Veklury is indicated for use in adult and pediatric patients 12 years of age and older and weighing at least 40 kg for the treatment of COVID-19 requiring hospitalization, said the FDA in a statement.

Previously authorized by the FDA for emergency use to treat COVID-19, Veklury is now the first and only approved COVID-19 treatment in the United States.

Veklury should only be administered in a hospital or in a healthcare setting capable of providing acute care comparable to inpatient hospital care, said the FDA.

"Today's approval is supported by data from multiple clinical trials that the agency has rigorously assessed and represents an important scientific milestone in the COVID-19 pandemic," said FDA Commissioner Stephen M. Hahn.

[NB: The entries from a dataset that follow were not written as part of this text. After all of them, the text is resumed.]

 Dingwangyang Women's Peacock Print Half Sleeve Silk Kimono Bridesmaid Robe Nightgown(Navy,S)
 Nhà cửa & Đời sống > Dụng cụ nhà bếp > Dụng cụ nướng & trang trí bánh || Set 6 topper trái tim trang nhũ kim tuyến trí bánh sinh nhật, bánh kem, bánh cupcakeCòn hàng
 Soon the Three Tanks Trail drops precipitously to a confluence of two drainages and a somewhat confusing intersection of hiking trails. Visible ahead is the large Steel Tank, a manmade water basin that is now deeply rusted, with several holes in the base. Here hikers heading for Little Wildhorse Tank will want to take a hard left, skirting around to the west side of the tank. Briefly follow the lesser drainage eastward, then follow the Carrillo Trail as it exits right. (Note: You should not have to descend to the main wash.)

The FDA will continue to help move new medical products to patients as soon as possible, while at the same time determining whether they are effective and if their benefits outweigh their risks, he said.

The approval of Veklury was supported by the agency's analysis of data from three randomized, controlled clinical trials that included patients hospitalized with mild-to-severe COVID-19.

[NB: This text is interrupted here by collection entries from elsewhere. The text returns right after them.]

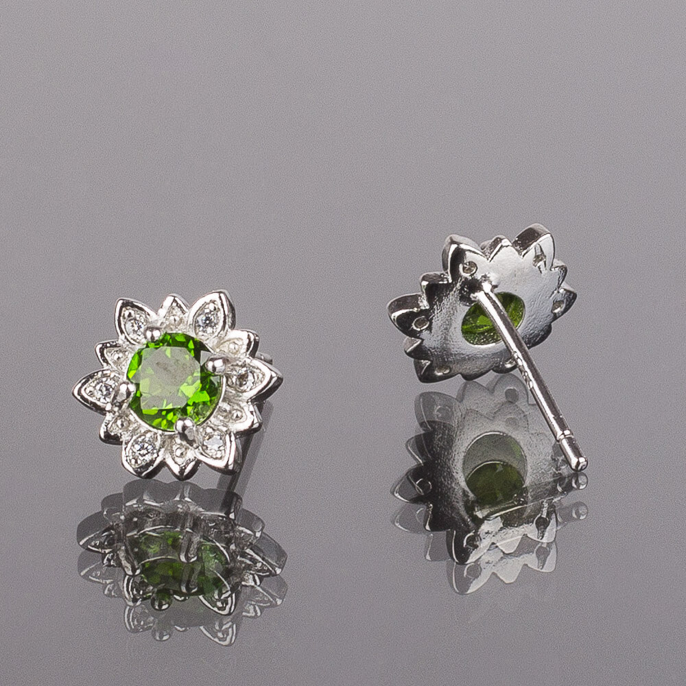 Серьги-пусеты Хромдиопсид "Якутский изумруд" (Россия)
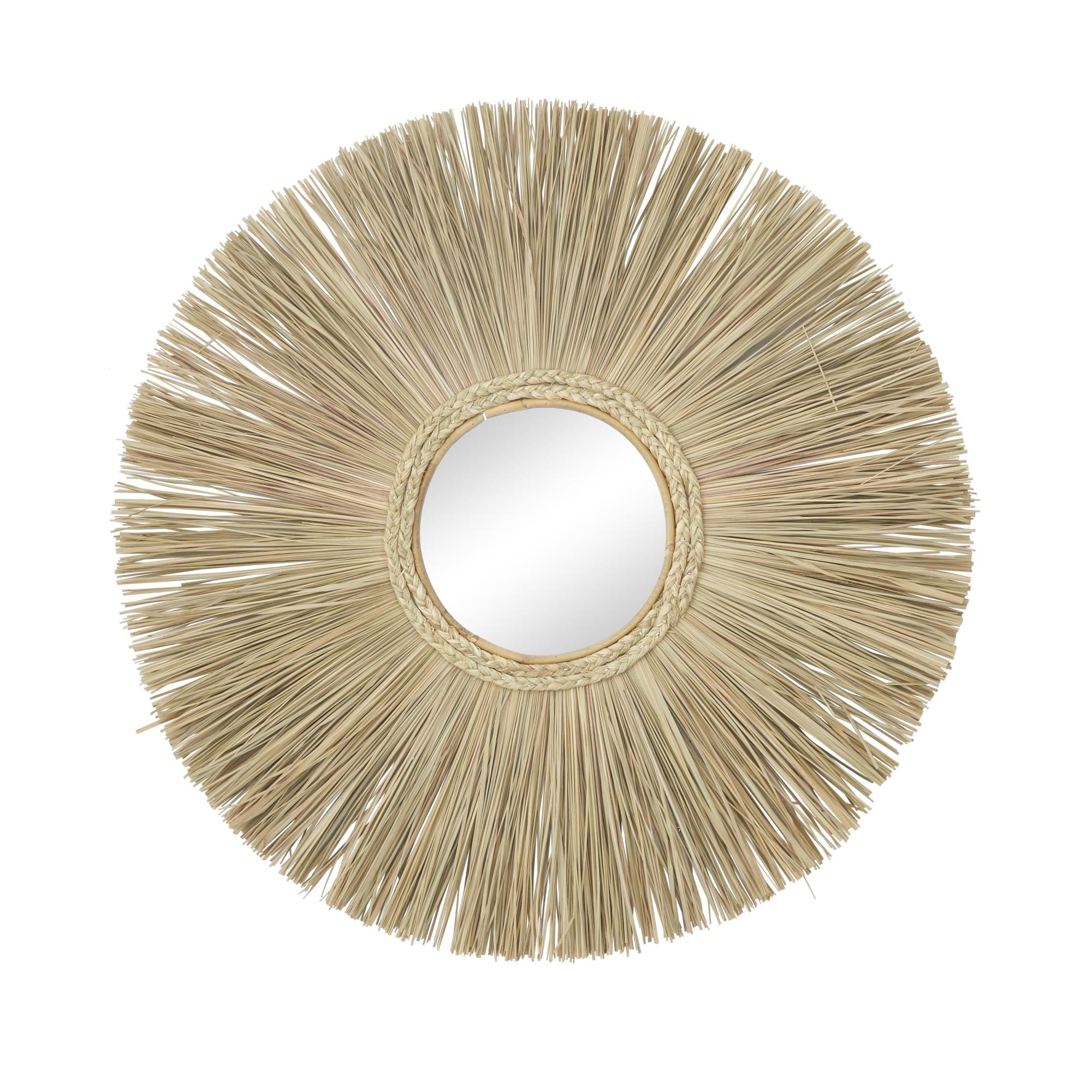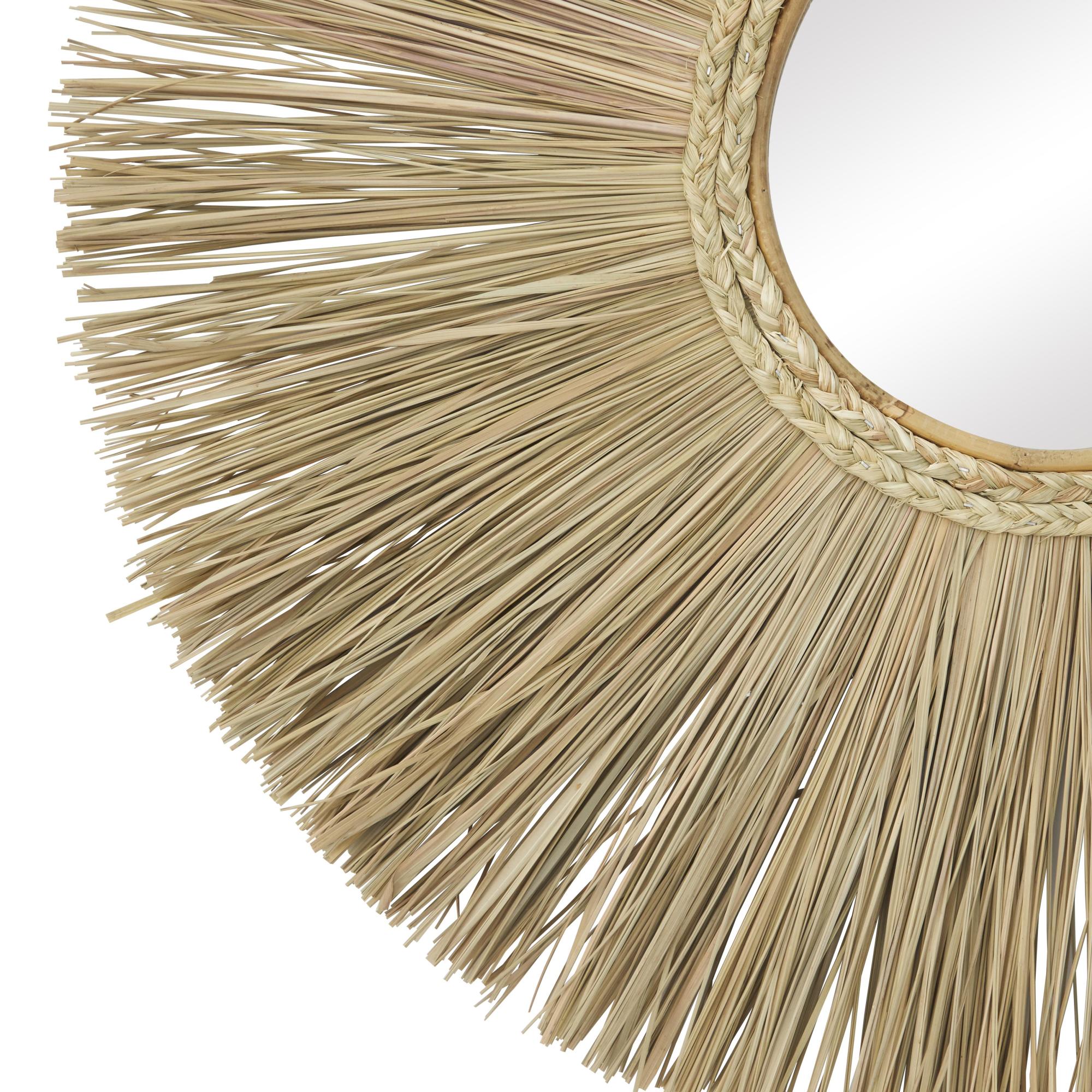 •The reed frame encloses the mirror, while the wooden backing constitutes the structure of this bohemian accent wall mirror
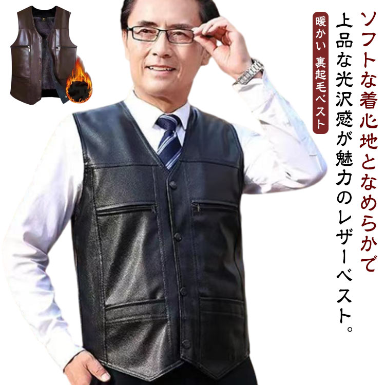 前開き レザーベスト メンズ 革ベスト チョッキ 裏起毛ベスト ノースリーブ 通勤 カジュアル フォーマル 大きいサイズ ライダースベスト 老人 高齢者 部屋着
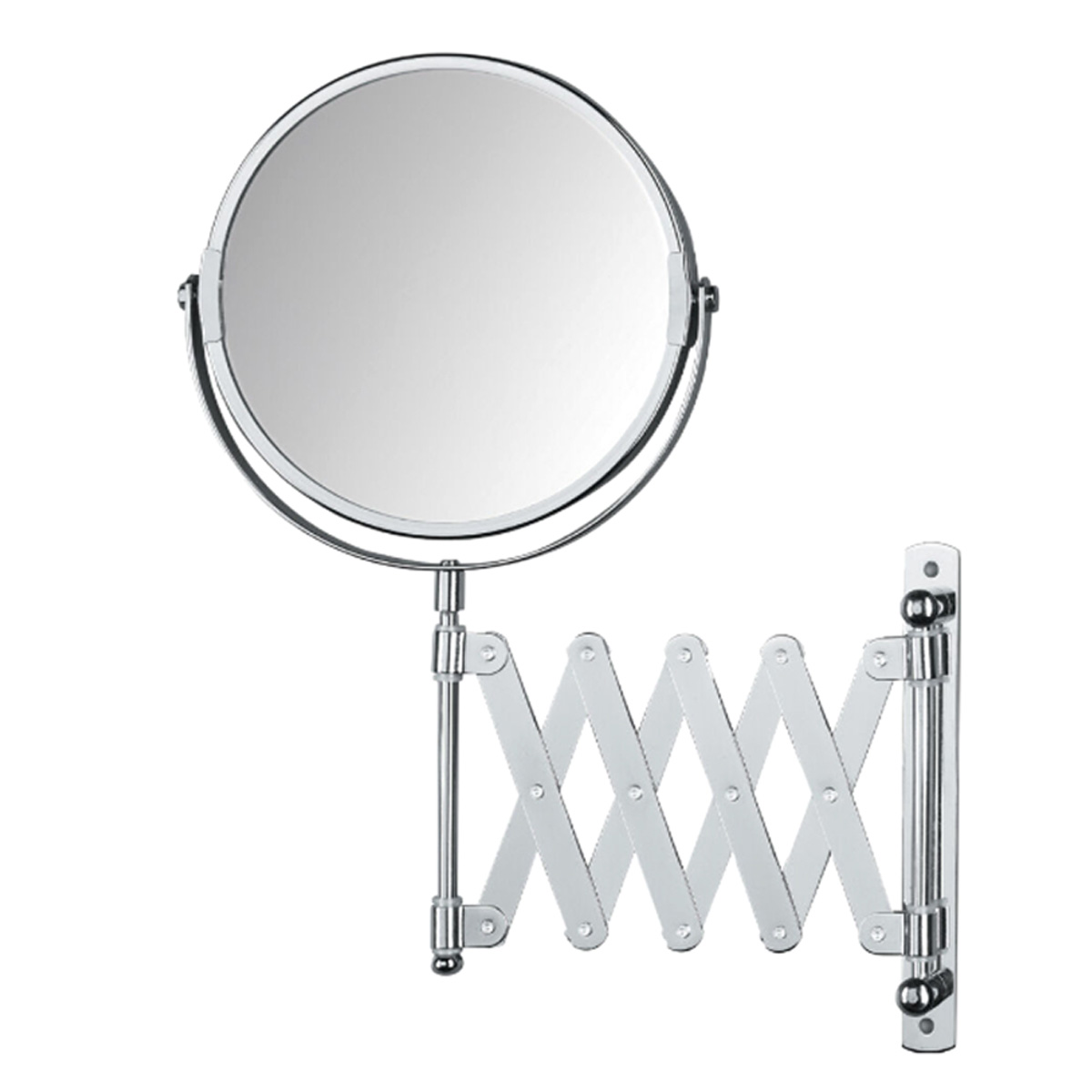 Movable mirror – accordion.Double sided:The other side is a magnifying mirror (3 times).The other side is an ordinary mirror.Mounted on the wall with screws.Stainless steel parts, coated with shiny chrome.

One randomized, double-blind, placebo-controlled clinical trial (ACTT-1), conducted by the US National Institute of Allergy and Infectious Diseases, evaluated how long it took for subjects to recover from COVID-19 within 29 days of being treated.

Results showed the median time to recovery from COVID-19 was 10 days for the Veklury group compared to 15 days for the placebo group, a statistically significant difference, according to the FDA.

Possible side effects of the drug include increased levels of liver enzymes and allergic reactions.

In parallel with the FDA approval of Veklury, the FDA also issued a new Emergency Use Authorization for the use of Veklury to treat hospitalized pediatric patients under 12 years of age weighing at least 3.5 kg, or hospitalized pediatric patients weighing 3.5 kg to less than 40 kg with suspected or laboratory confirmed COVID-19, according to Gilead.